Top of Given data

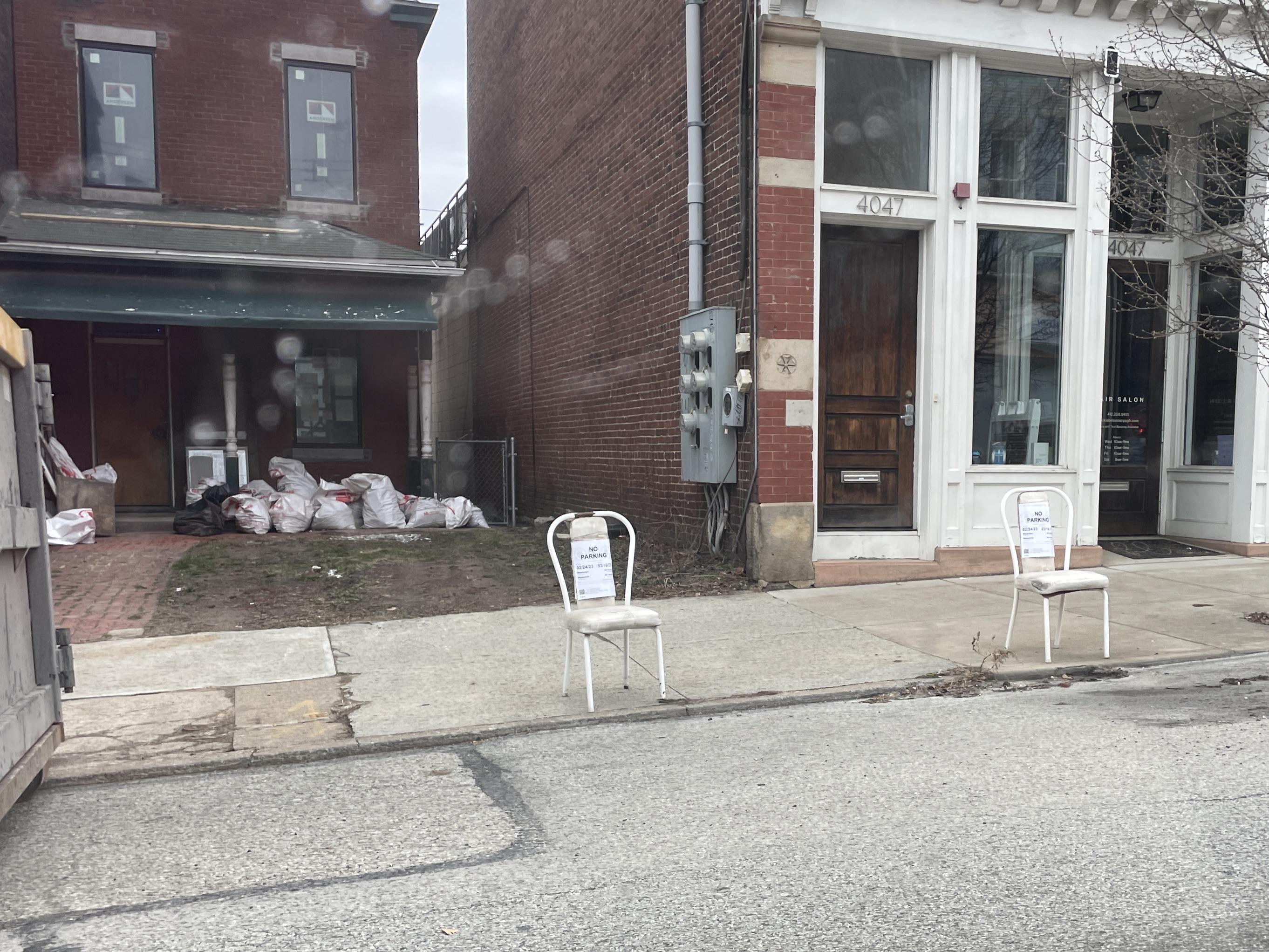 Not only were they parking chairs, but they were also construction notices
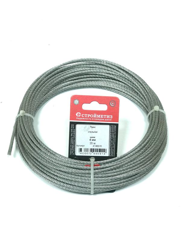 Трос стальной 4.0мм DIN 3055 цинк (уп.20м) подвес, код 4140070, производитель СТРОЙМЕТИЗ
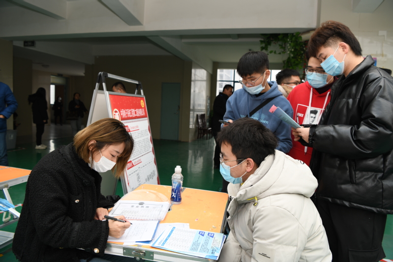 参会人员严格按照疫情防控相关要求进入会场,在招聘会现场,毕业生们手持自己精心准备好的自荐书和简历,满脸自信地穿梭于人流之中,主动了解用人单位的情况,积极与招聘人员交流,现场达成意向396人次。各二级学院分管院长、就业科长以及班主任现场办公,为同学们提供全面的就业指导服务。
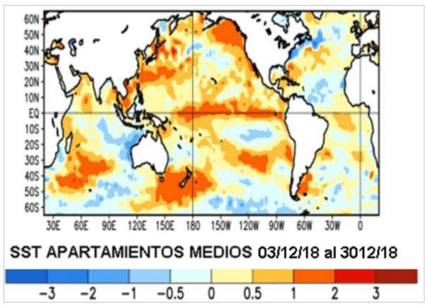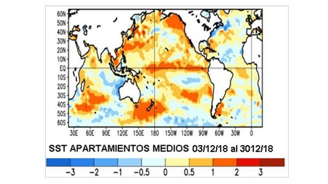 Las temperaturas del Pacífico Ecuatorial central durante el mes de diciembre se han mantenido con desvíos positivos durante casi todo el mes de diciembre, cediendo levemente hacia el final, pero sin dejar de configurar un calentamiento, débil, pero que sostiene el escenario Niño. En el mapa que promedia los apartamientos térmicos de las temperaturas superficiales del mar durante el mes de diciembre, se nota todo el corredor ecuatorial tomado por aguas cálidas. De acuerdo a lo previsto por los modelos, este comportamiento térmico puede presentar oscilaciones en su configuración espacial, pero a gran escala las variantes serán poco significativas durante el resto del verano y el comienzo del otoño. Es decir, la campaña estará sesgada por la presencia de este calentamiento ecuatorial, con influencia sobre el clima a escala planetaria y que resulta en general positivo para el desarrollo de las cosechas de granos gruesos en el sudeste de Sudamérica.

Bottom of Given data

• _What you will do_
Your response must consist of the lines from the beginning of the data through the line containing "Трос стальной 4.0мм", transcribed exactly, with no pictures.

• _Worked solution_
 Not only were they parking chairs, but they were also construction notices
 Трос стальной 4.0мм DIN 3055 цинк (уп.20м) подвес, код 4140070, производитель СТРОЙМЕТИЗ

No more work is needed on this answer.